The hanging embroidered pieces—themselves transformations of painting—serve as sculptural elements within the space, while their figural imagery connects thematically with the textile doll forms anchoring two mise-en-scène platform installations placed mid-way through the gallery. These theatrical figures shift the emotional temperature of the presentation from weird to grotesque. The peanut head of the nine-foot-long recumbent doll in Madreperlage (2003) rests against a piece of trendy modern furniture, its stitched gaze directed at a shapely lamp under which loiters a comely young male figure.
The suggested narrative is developed with greater force in Absuction Cardigan (2009), David’s contribution to the 2009 Turner Prize exhibition at Tate Modern. Large-scale, freestanding canvases flanking a black-painted stage depict queer fantasies. Here, the doll takes the form of a dark and immensely extended, limp-limbed male form. In an image of exhaustion and tragedy redolent of Werner Fassbinder’s more orgiastic scenarios, the doll’s head is draped over a lectern. The over-the-top atmosphere culminates in a hunched Humpty-Dumpty-type figure on ski-shaped feet, clutching its groin and staring aggressively at viewers from a face clipped out of a gay fetish catalogue. David has described this grouping as a “monument to contemporary rage” against queer shame and conversion therapy. Channeled through an environment toned in excremental brown and black, it mixes his interest in psychotherapy with an expository process he describes as intended to draw the individual back from extremes to a “sense of neutrality.”

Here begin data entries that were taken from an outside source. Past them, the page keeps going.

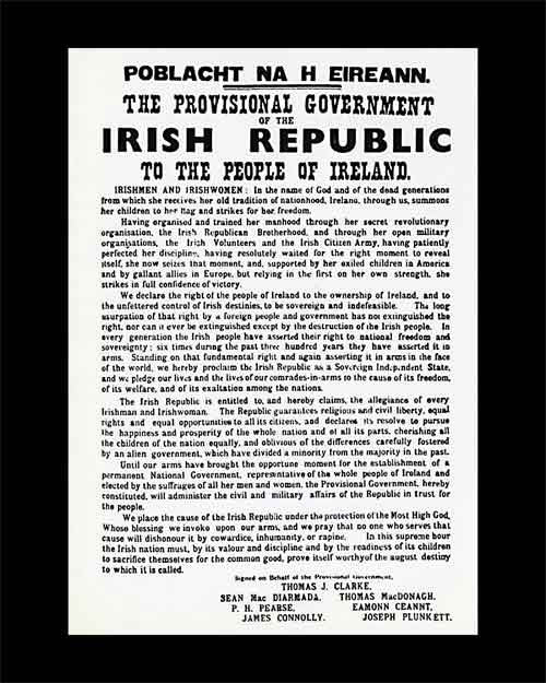 The 1916 Proclamation or Easter Proclamation, was a document issued by the Irish Volunteers and Irish Citizen Army during the Easter Rising in Ireland, which began on 24 April 1916. In it, the Provisional Government of the Irish Republic, proclaimed Irish independence from Britain.
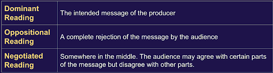 It talks about how gender, age, income and culture, etc changes how the audience interprets a text / character. Every audience will have a different reading and it could be from the 3 bellow.
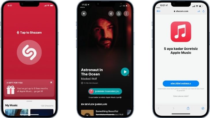Hala Apple Music üyesi değilseniz Shazam’ladığınız bir parçayla beraber 5 aya kadar ücretsiz Apple Music üyeliği hemen başlatabiliyorsunuz.
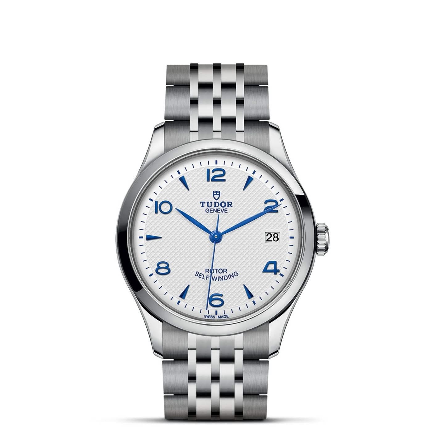 Stainless steel TUDOR 1926 automatic watch featuring an opaline decorated index/arabic date dial with a high polished bezel and case. The watch case is 36mm and is attached to a stainless steel bracelet.

Ultra Paste (2007), the first piece encountered on entering the show, situates tense emotions within the home. This installation re-creates David’s childhood bedroom from memory, a self-consciously modern, streamlined, green interior that appears more angular than comfortable. In the corner is a photographic cut-out of a young man seen from the back, urinating or masturbating over an oversize artist’s manikin, its flexible arms outstretched as if on a cross. Although David refutes any biographical dimensions to his choice of materials or his anarchic hybrids of figuration, the thematic clusters organizing this show recall his personal history and origins. His mother was a dressmaker, and his siblings became workers in textile and leather. His father ran a shopfitting business at the height of Italy’s postwar commercial boom and avidly studied the latest furniture styles and ways of selling.

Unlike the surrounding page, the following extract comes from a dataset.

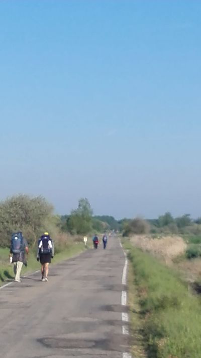 Nosotros como habíamos prometido, nos íbamos a saltar el tramo de los polígonos industriales, y esos escasos seis kilómetros, nos separan de la gente que conocíamos. Luego siempre se recupera a alguien pero se nota.

From an early age, David was exposed to the languages of making and commercial display. They surface repeatedly in this show. Born in the Adriatic city of Ancona, he has been resident in London for more than over 40 years. Like his life, his art navigates transitions, from one technical language to another, just as David has moved from Italian to English. Pitfalls and misunderstandings accompany both journeys, learning from failure and frustration. Hence, perhaps, his reluctance to explain and his willingness to trust in the mystery of the object, in an abstruse idea over solemn depiction. After all, his is a practice based on the mutability of identities as well as materials.